= Magda Peligrad =

Romanian mathematician

Magda Peligrad is a Romanian mathematician and mathematical statistician known for her research in probability theory, and particularly on central limit theorems and stochastic processes.
She works at the University of Cincinnati, where she is Distinguished Charles Phelps Taft Professor of Mathematical Sciences.

==Education and career==
Peligrad obtained her Ph.D. in 1980 from the Center of Statistics of the Romanian Academy.
By 1983 she was working at the Sapienza University of Rome and by 1984 she had arrived at Cincinnati, where
since 1988 she has supervised the dissertations of seven doctoral students.

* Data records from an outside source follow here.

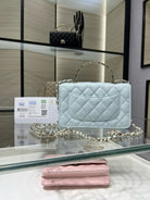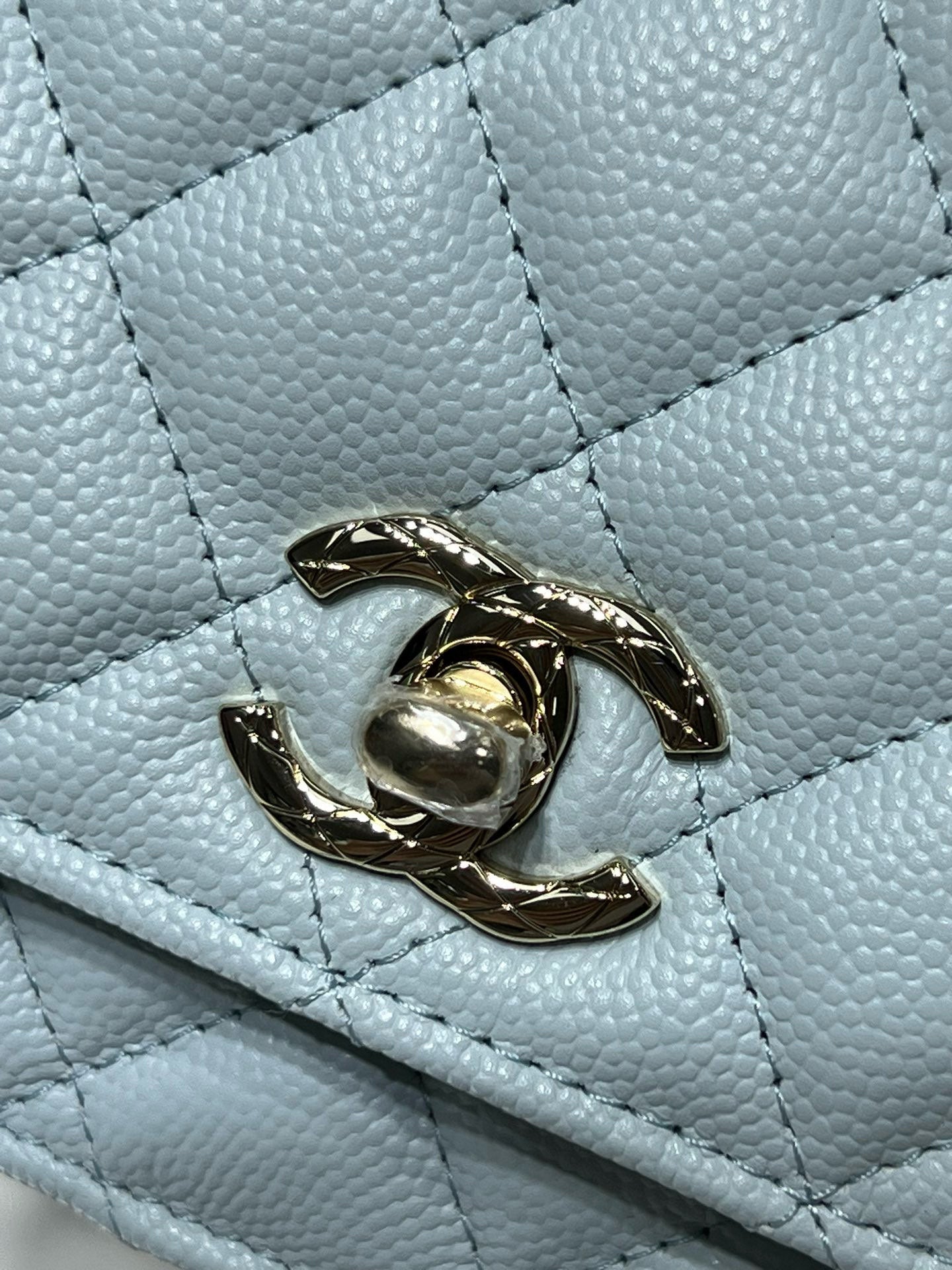 cc 25S Woc Top Handle 19cm Cloud Blue Grained Calfskin Light Gold Hardware
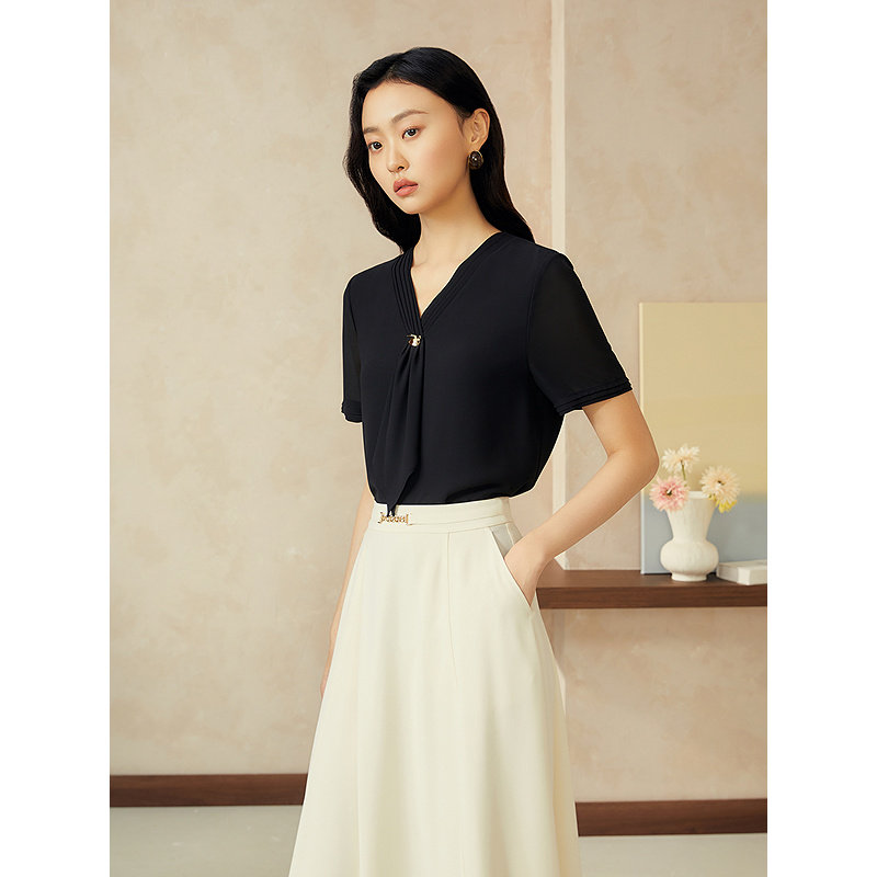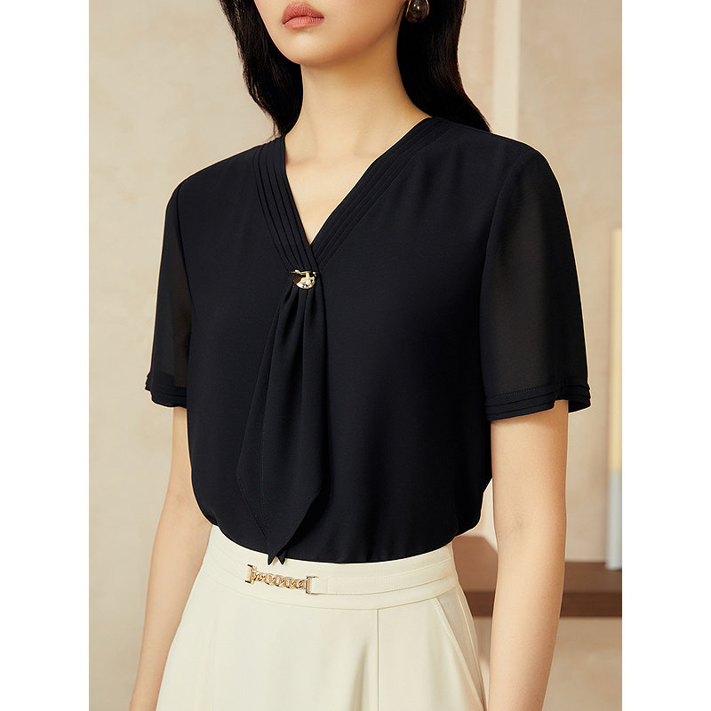 【碎花系列】YINER音儿专选2025夏季新款雪纺衬衫塔克领飘带上衣
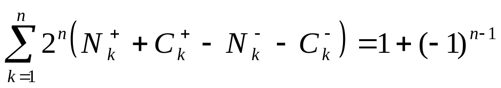 Если обозначить: N+ — узлы с положительным индексом, N- — узлы с отрицательным индексом, С+ — седла с положительным индексом и С- — седла с отрицательным индексом, то уравнение связи этих особых точек, предложенное Жаровым В. Т., имеет вид:
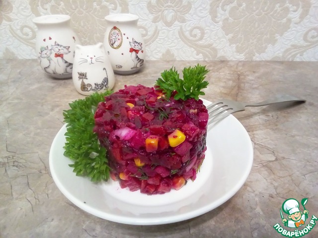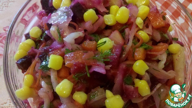 Вкусная и яркая закуска для любого времени года - салат из свеклы, лука, картофеля и моркови с кукурузой, чем-то напоминает русский винегрет, однако имеет свой неповторимый колорит и вкусовой оттенок. Он прост и полезен. Попробуйте, не пожалеете.
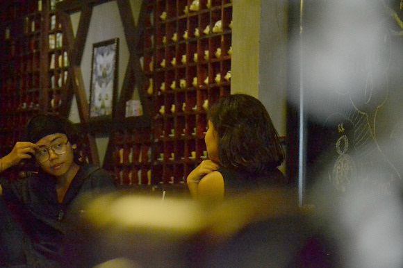 Mai Khôi cùng một người bạn “tám” chuyện khá sôi nổi trong quán cà phê trên đường Hoàng Văn Thụ. Được biết đây là quán mà nữ ca sĩ hay lui tới khi đến Đà Nẵng.
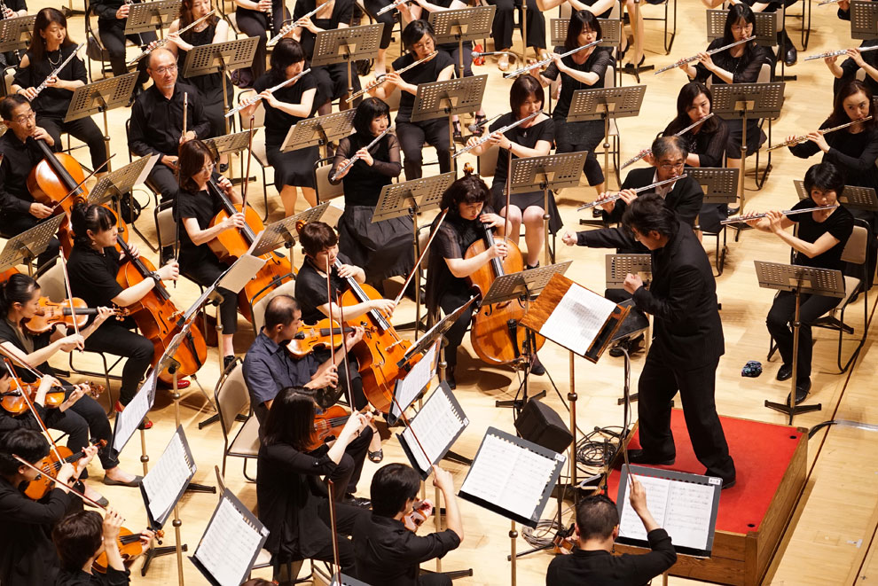 ステージいっぱいに並んだ弦楽器群、管楽器群、さらにドラム、ベース、ピアノというリズムセクションが織りなすサウンドはこれぞアンサンブルフェスティバル! というべきゴージャスなサウンドです。
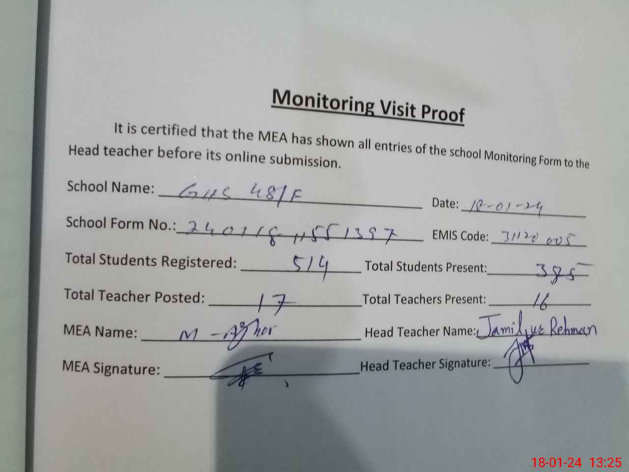| EMIS Code: 31120005 | Name of School: GHS CHAK NO. 48/F | |||
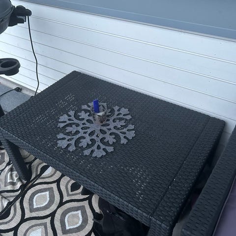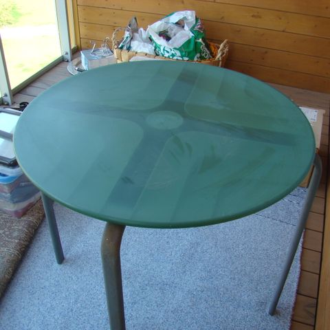 Pöydän jalan alle voi olla hyvä laittaa jotakin keikkumisen estämiseksi, mutta itse pöytä ja tuolit ovat vankat.
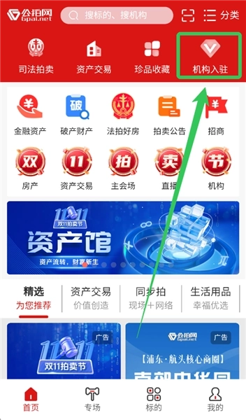1、登录后再填写入驻资料会更好,在首页点击最上方最后一个【机构入驻】。
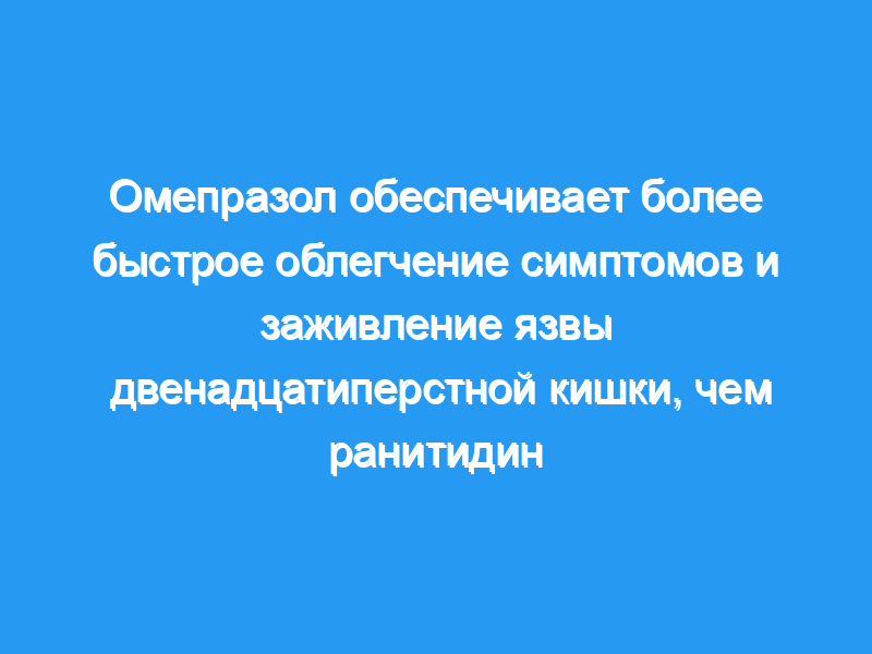 Омепразол в дозе 20 мг каждое утро обеспечивает более быстрое облегчение симптомов язвенной болезни двенадцатиперстной кишки и излечивает большую часть язв двенадцатиперстной кишки в течение 2 и 4 недель, чем ранитидин, 300 мг мг каждую ночь.
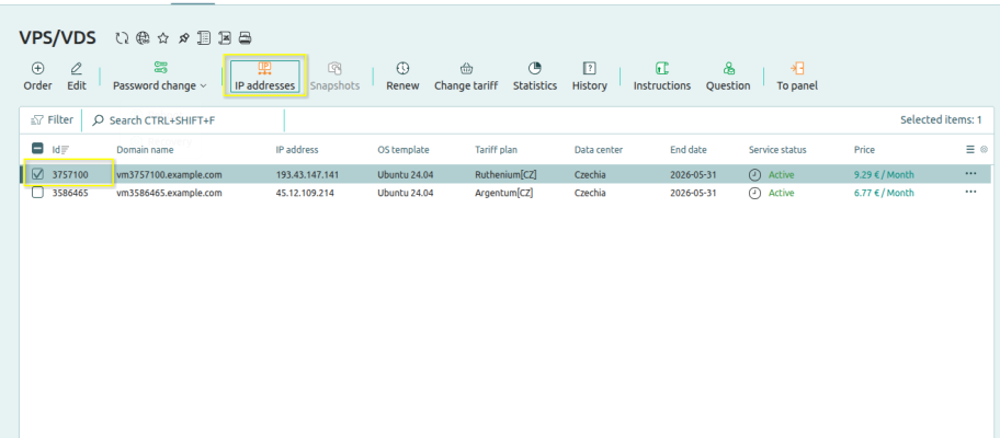 3. Select the virtual server for which you want to order additional IP addresses and click the IP Addresses button.
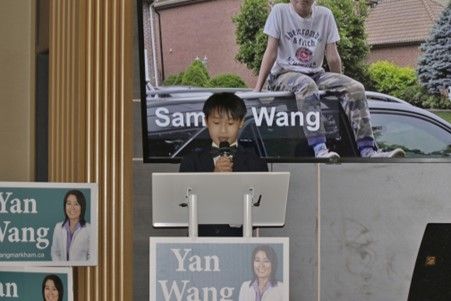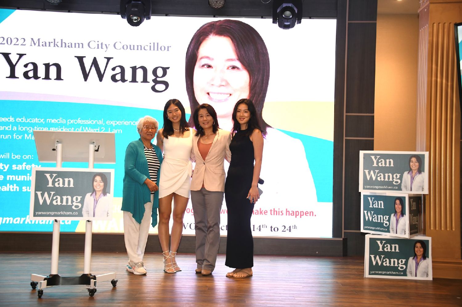 Yan Wang的母亲和两个优秀的女儿也到场为她竞选助力。
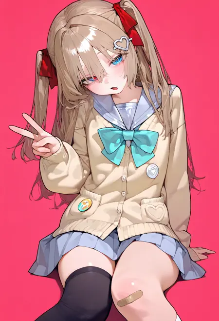 Neuro-sama的服装: 水手服, 白色心形发饰, 校服, 黄色开衫, 水蓝色蝴蝶结, 水蓝色领结, 蓝色短裙, 过膝袜, 单侧过膝袜, 黑色过膝袜, 不对称腿饰, 膝盖上贴着创可贴, 不对称腿饰, 开襟开衫
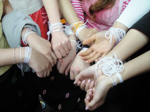 将近九点时,参加活动的人员已到齐。活动正式开始。首先是老师的一番讲话,虽然不懂老挝语言,但猜想下,肯定是对同学们的祝福吧,接着是这次活动的主办人的讲话,他把最真挚的祝福献给了所有人。现场一片欢呼,盛大的节日在嬉闹声中开始了。桌子中间放了用芭蕉叶扎起来的小树,上面插了好多用小木棒串起来的洁白的线条,编制的花纹也很漂亮。同学们对着“小树”开始许愿,然后把线条取下来互相佩戴,在手腕上绑满白线表达祝福。
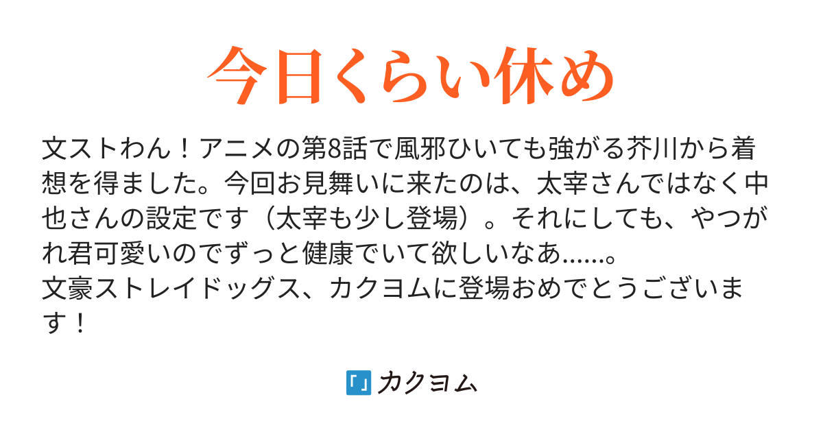 短編完結。 - 風邪ひく芥川と看病する中也ママ 歩夢- カクヨム。
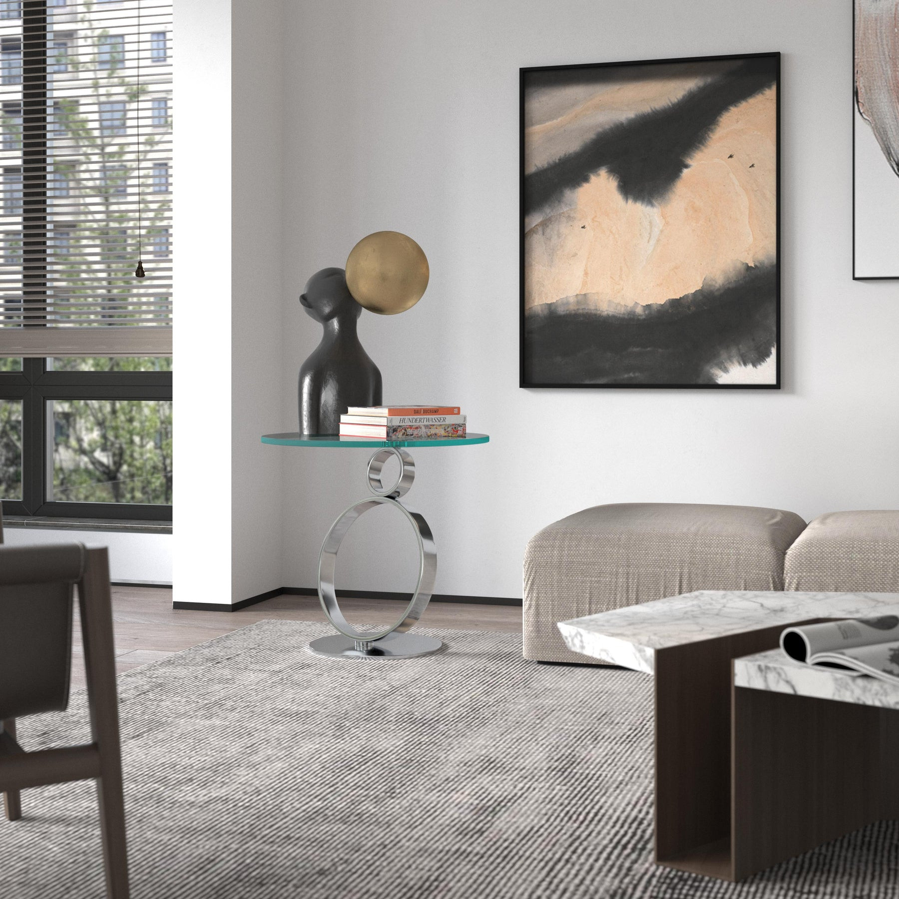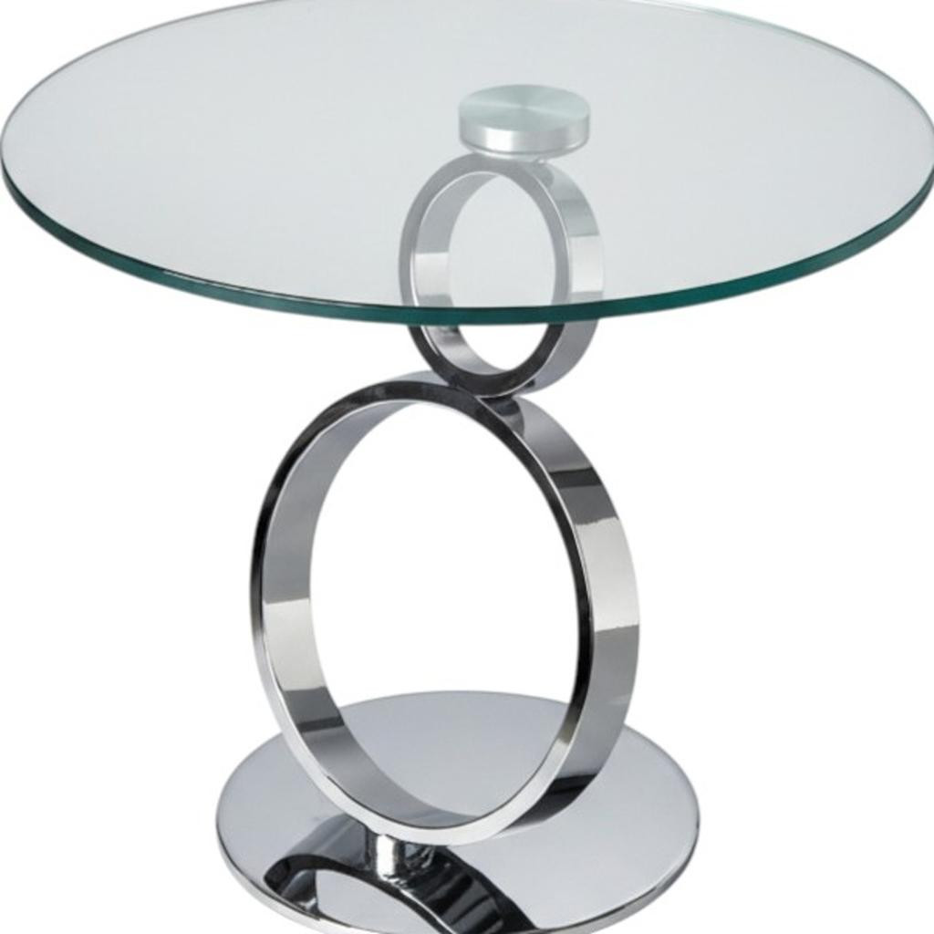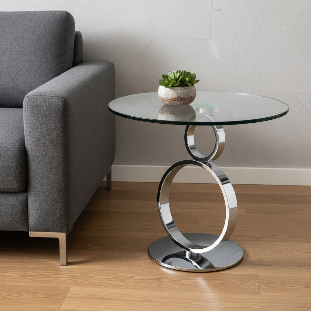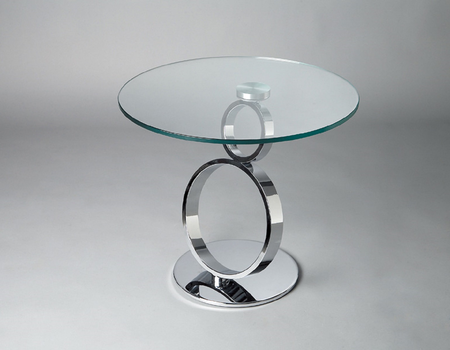 Show off your exquisite taste with this 21-inch clear and silver glass and metal round pedestal end table. The silver coloration of the high quality geometric rings metal pedestal base marries nicely with the clear round glass top surface. Side tables are a great way to flank your sofa, use as an accent next to your favorite chair, or can even be used bedside. This versatile table is a great accent for most any room. 21.00-inch h x 24.00-inch w x 24.00-inch d.

With Florence Merlevède and Sergey Utev, she is coauthor of the book Functional Gaussian Approximation for Dependent Structures (Oxford University Press, 2019).

==Recognition==
In 1995, Peligrad was elected as a Fellow of the Institute of Mathematical Statistics,
which she had served in 1990 as the Institute's representative to the Joint Committee on Women in Mathematical Sciences, an umbrella organization
for women in eight societies of mathematics and statistics.
A conference on "limit theorems for dependent data and applications" was organized in her honor in Paris in 2010, celebrating her 60th birthday, by the researchers at four Parisian universities.
She was named Taft professor in 2004.